Cyprus’ Economy and Competitiveness Council says government encouragement is required to enable more company acquisitions and mergers to improve productivity and robustness.
According to recommendations issued by the advisory body, the aim is to create larger companies that could take advantage of economies of scale and become more productive and competitive, attract specialised personnel, and become more resilient.
“The change of culture for the promotion of acquisitions and mergers, as well as the provision of incentives in this direction, are issues the government should consider”, the Council points out.
It said micro-firms and small firms face barriers to finance access and need help innovating or creating an integrated strategy to export and compete in the international economic environment.
Some 92.9% of businesses are classified as very small, with up to 9 employees and 6.1% as small businesses with less than 50 employees.

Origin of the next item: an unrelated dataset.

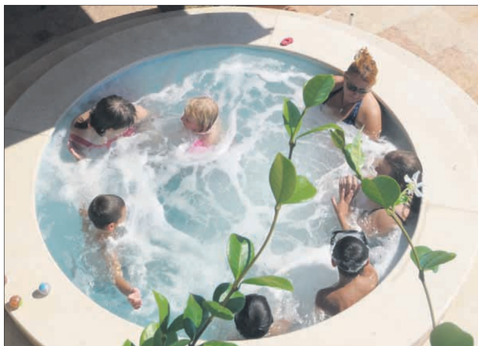
Otroci so v Portorožu uživali v bazenu vile

The Council recommends the creation of an integrated framework of support and culture change regarding the promotion of acquisitions and mergers through the establishment of an Office to inform and guide businesses that wish to consider the possibility.
It also proposes the modernisation of the legal framework for mergers and acquisitions of companies.
“The legal basis for mergers and acquisitions should be consistent with the modern spirit that exists in mature stock markets.”
Also recommended are tax relief and the elimination of burdens, applying tax incentives in the agricultural sector, and subsidies for agricultural equipment and machinery.
According to the proposal, tax reliefs will be applied to companies that employ up to 250 workers with an annual turnover that does not exceed €50 mln.
It also proposes the provision of specialised advisory services for companies intending to merge through the Advisory Services Plan of the Ministry of Energy, Trade and Industry and facilitating access to financing.
“Mergers and acquisitions in Cyprus are at very low levels, as most of the businesses are family run in traditional sectors – where there is no culture of mergers to expand businesses.
“The new Long-Term Strategy for the sustainable development of Cyprus proposes a new model until 2035 and sets as an important pillar the improvement of the competitiveness and productivity of Cypriot businesses and the shift towards exports through digitalisation and continuous training.
“Achieving this goal requires larger enterprise sizes that can respond to changing market conditions and survive in a globalised environment.”